I yearn for a day where I can sleep in, wake up....without the burden of another assignment that needs to be finished or studying that needs to be done. Rather the only expectation are those that are laid upon myself, by myself.
I yearn for a day spent in the beautiful Colorado mountains away from the bustle of everything here. I have not had a chance and still have several weeks left before I will have an opportunity to not be tied to the immediate Denver metro area. I want to be able to get away from this place for even a day. Go take a day trip to Estes, and walk along the boardwalk until the sun sets with my grandmother. Go sit in a chair and listen to the river all day long if I so choose. Go see the changing of the fall leaves on the trees....inviting in the richness of the golds, reds, and autumn colors before the blanket of winter white envelopes their richness.
I yearn for a roadtrip. An escape from this place. A chance to get away.
I yearn for a place that is constant, where I fit in. I yearn for a work environment that stands for what I do and not what stands in principle for Regis. I want to be free of the expectations of a student and at the same time, get respect that most nursing students don't get. I yearn for a place where I get to be part of a permanent work family and develop relationships, where my personality can once again come out.
I yearn for a night off!! I yearn for a night spent having drinks with friends, joking around....because in this atmosphere I cannot and have not been able to do that.
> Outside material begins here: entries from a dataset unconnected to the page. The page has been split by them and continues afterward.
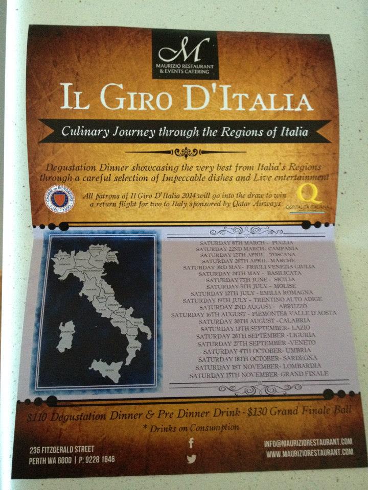 Throughout 2014 Maurizio’s Restaurant is holding an amazing line up for degustation dinners showcasing a different region of Italy. They will be held on Saturdays and kick off on March 8th with Puglia and run through to November.
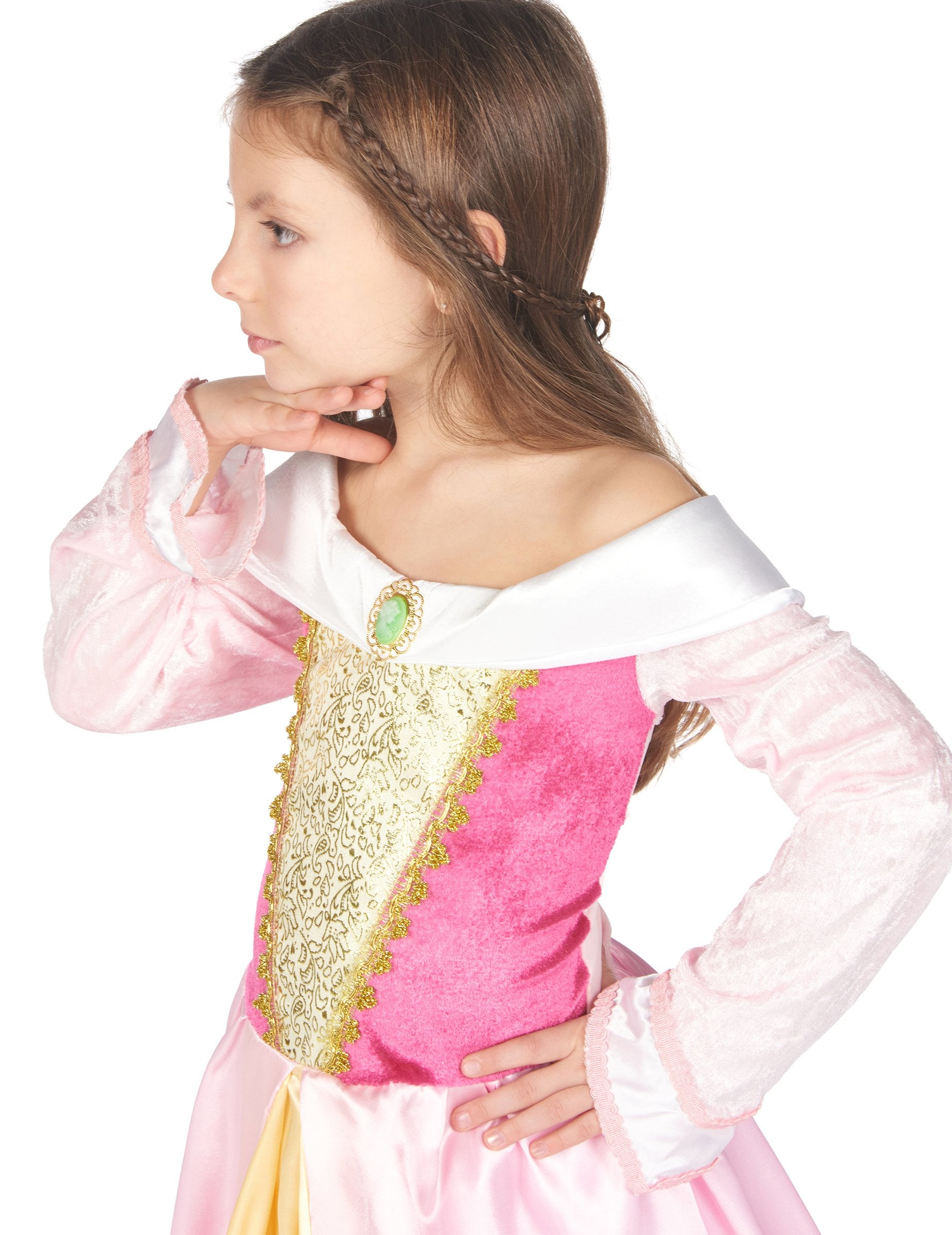 Ta princesov kostum za dekle je sestavljen iz roza satenaste obleke s čolnom, precej zlato vezenje na doprsju in medaljona na prsih. Čipka krasi konec rokavov in velikost je obokana, da daje volumen krilu. Ta kostum princese vključuje tudi spodnji del za ohranjanje volumna celote (čevlji niso vključeni). Ta kostum bo idealen za karneval, šov ali kateri koli drug prikrit dogodek.
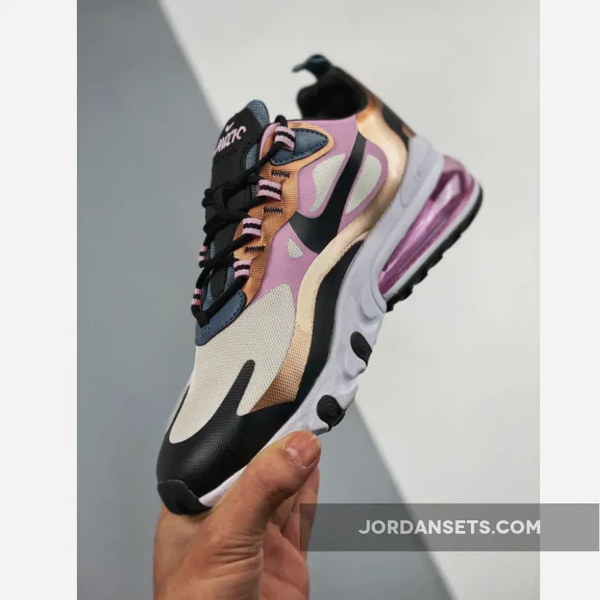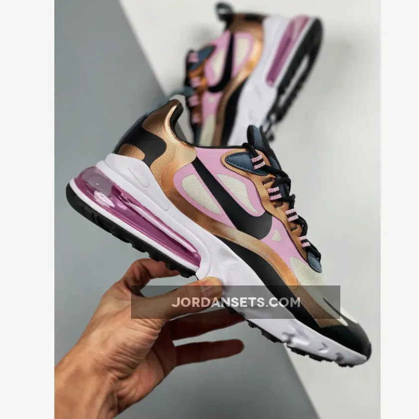 this Nike Air Max 270 React comes highlighted with Beige mesh across the base with synthetic detailing that uses Pink and Bronze. Following we have Black on the Swoosh logos, Pink placed within the Air Max unit along with Bronze outlines.

I yearn from time away from my fellow nursing students. No offense, but I'm tired of only having these people in my life. It's time for some more variety to be added back in.
Variety is truly the spice of life.
I yearn for relaxation. Really. I think a massage, chiropractic adjustment, and day spent watching Grey's Anatomy with my mother would do my world SOO many wonders. Or a day spent shopping. Or how about froo-froo drinks on a warm beach :-)
I yearn to have time to set up consistent exercise again!! I need to lose this nursing school weight!! Get back in shape.
I yearn for a lot, and am ready to be done. 10 more long weeks and we WILL in fact be done with this program. And I can't flippin wait!!